*** DATA EXTRACT ***

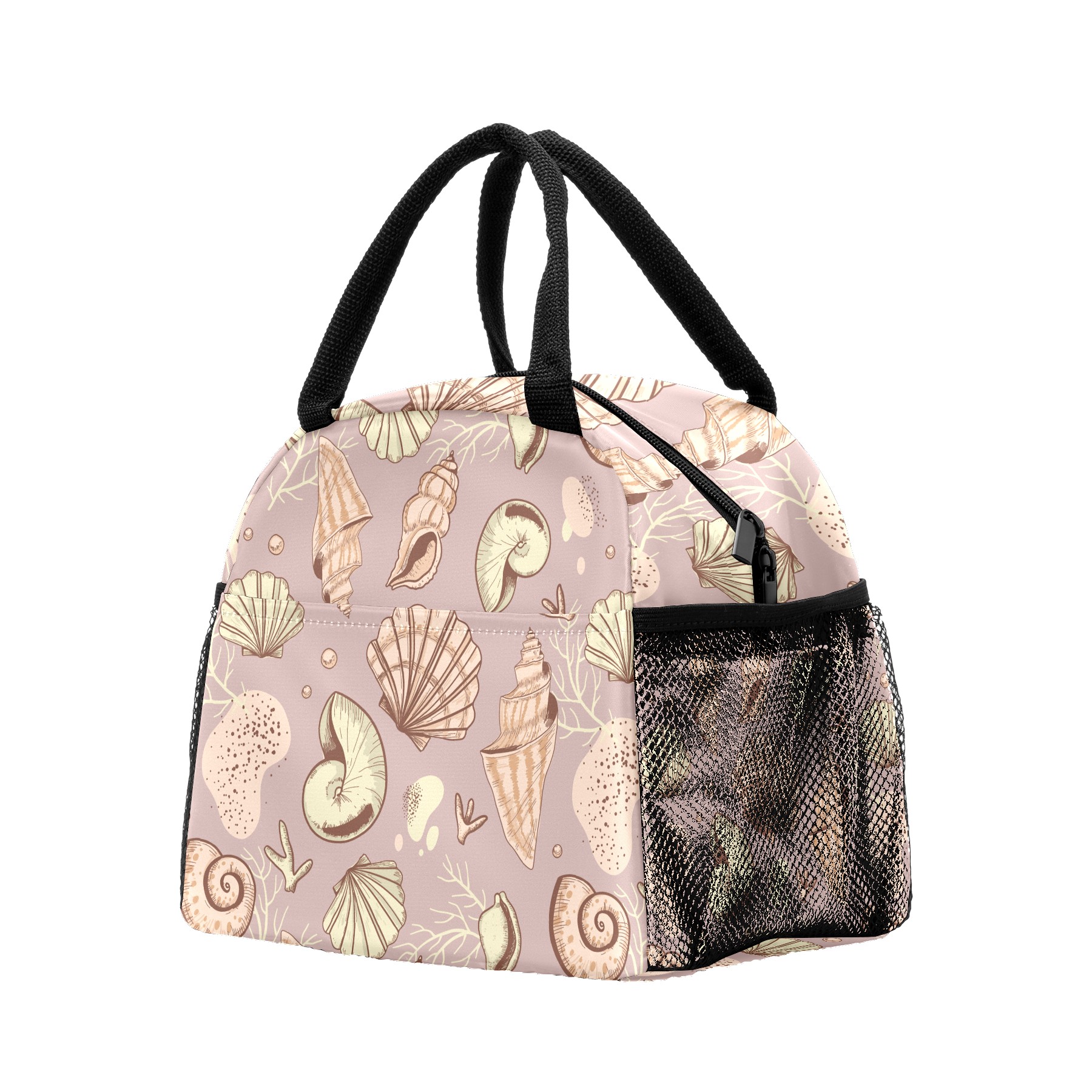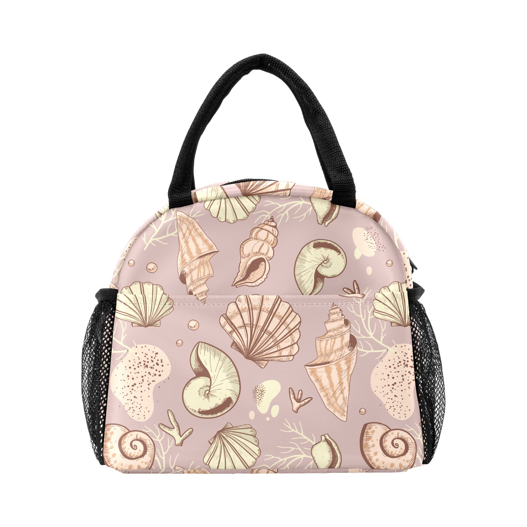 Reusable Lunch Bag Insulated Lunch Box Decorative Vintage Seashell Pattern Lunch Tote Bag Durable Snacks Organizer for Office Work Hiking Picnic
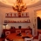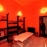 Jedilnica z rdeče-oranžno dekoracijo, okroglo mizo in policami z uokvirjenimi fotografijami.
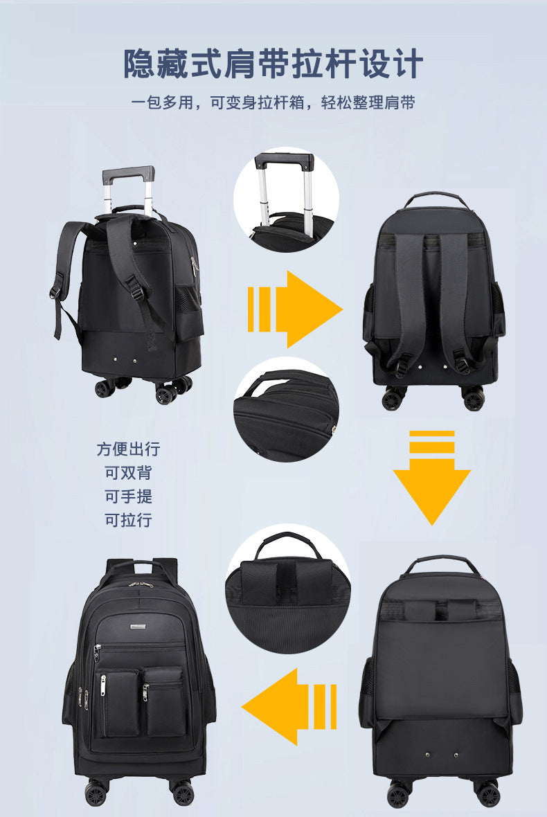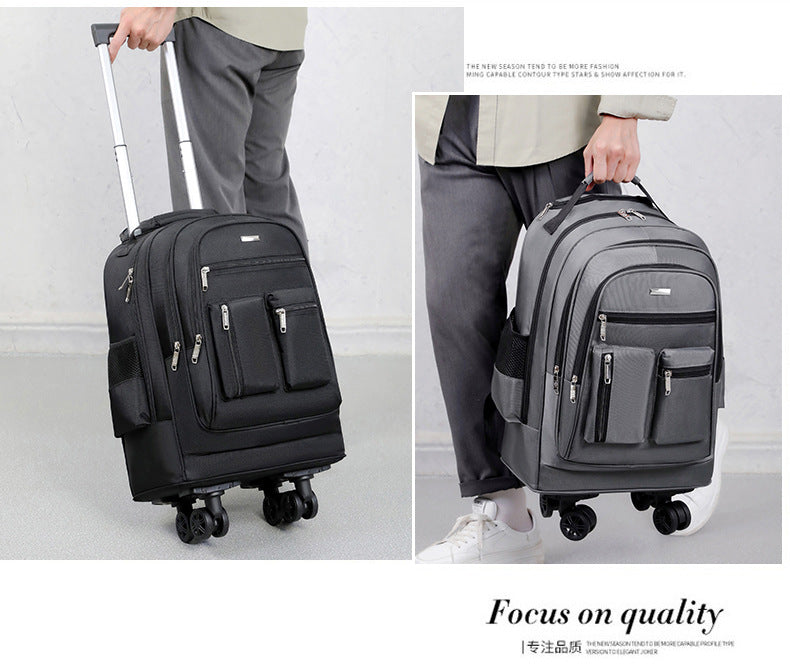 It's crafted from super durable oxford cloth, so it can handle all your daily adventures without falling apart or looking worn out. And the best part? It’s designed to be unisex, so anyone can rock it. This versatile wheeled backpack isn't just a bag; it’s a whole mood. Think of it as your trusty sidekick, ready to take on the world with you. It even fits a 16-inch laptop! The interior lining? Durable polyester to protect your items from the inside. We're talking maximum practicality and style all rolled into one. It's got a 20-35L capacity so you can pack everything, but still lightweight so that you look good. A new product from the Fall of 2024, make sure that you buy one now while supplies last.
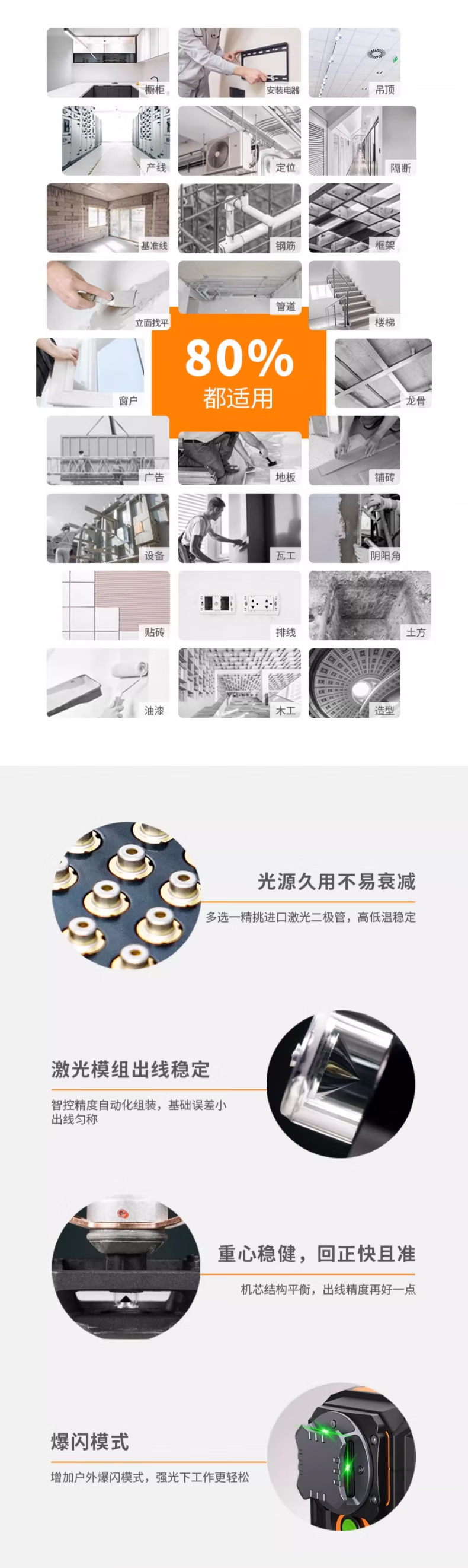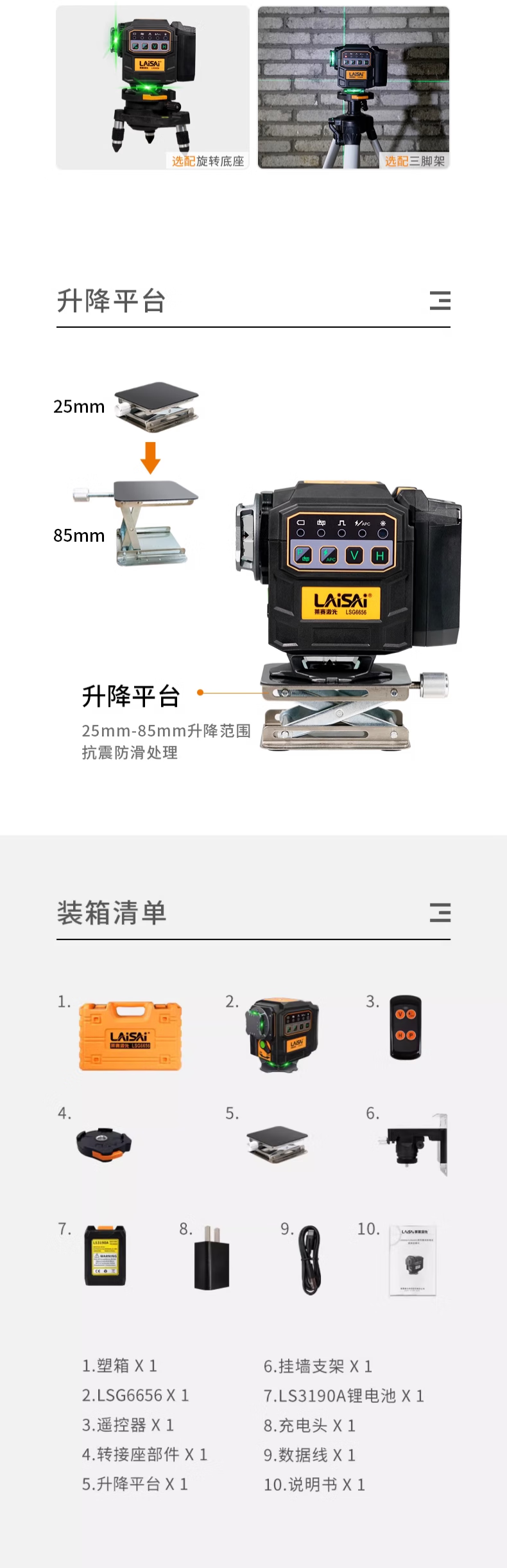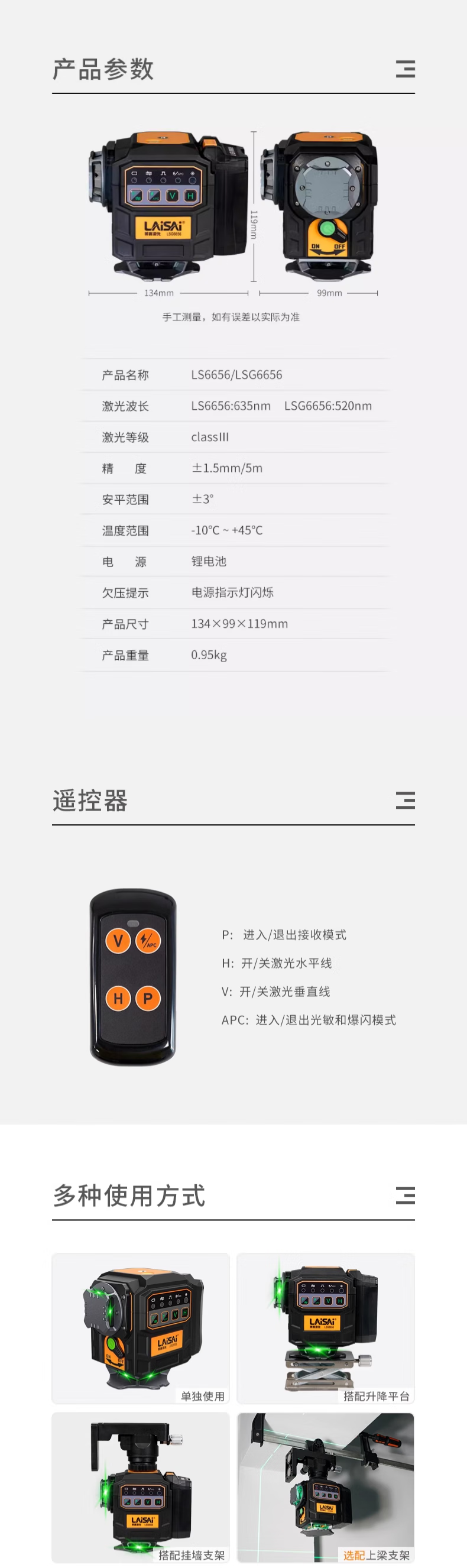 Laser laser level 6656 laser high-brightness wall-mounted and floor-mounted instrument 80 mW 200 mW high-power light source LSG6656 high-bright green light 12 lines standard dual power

*** End of DATA EXTRACT ***

▶ _TASK DETAILS_
Please return the lines from the line with "Jedilnica z rdeče-oranžno" through the last line of the data, both included, exactly, and without pictures.

▶ _ANSWER BOX_
 Jedilnica z rdeče-oranžno dekoracijo, okroglo mizo in policami z uokvirjenimi fotografijami.
 It's crafted from super durable oxford cloth, so it can handle all your daily adventures without falling apart or looking worn out. And the best part? It’s designed to be unisex, so anyone can rock it. This versatile wheeled backpack isn't just a bag; it’s a whole mood. Think of it as your trusty sidekick, ready to take on the world with you. It even fits a 16-inch laptop! The interior lining? Durable polyester to protect your items from the inside. We're talking maximum practicality and style all rolled into one. It's got a 20-35L capacity so you can pack everything, but still lightweight so that you look good. A new product from the Fall of 2024, make sure that you buy one now while supplies last.
 Laser laser level 6656 laser high-brightness wall-mounted and floor-mounted instrument 80 mW 200 mW high-power light source LSG6656 high-bright green light 12 lines standard dual power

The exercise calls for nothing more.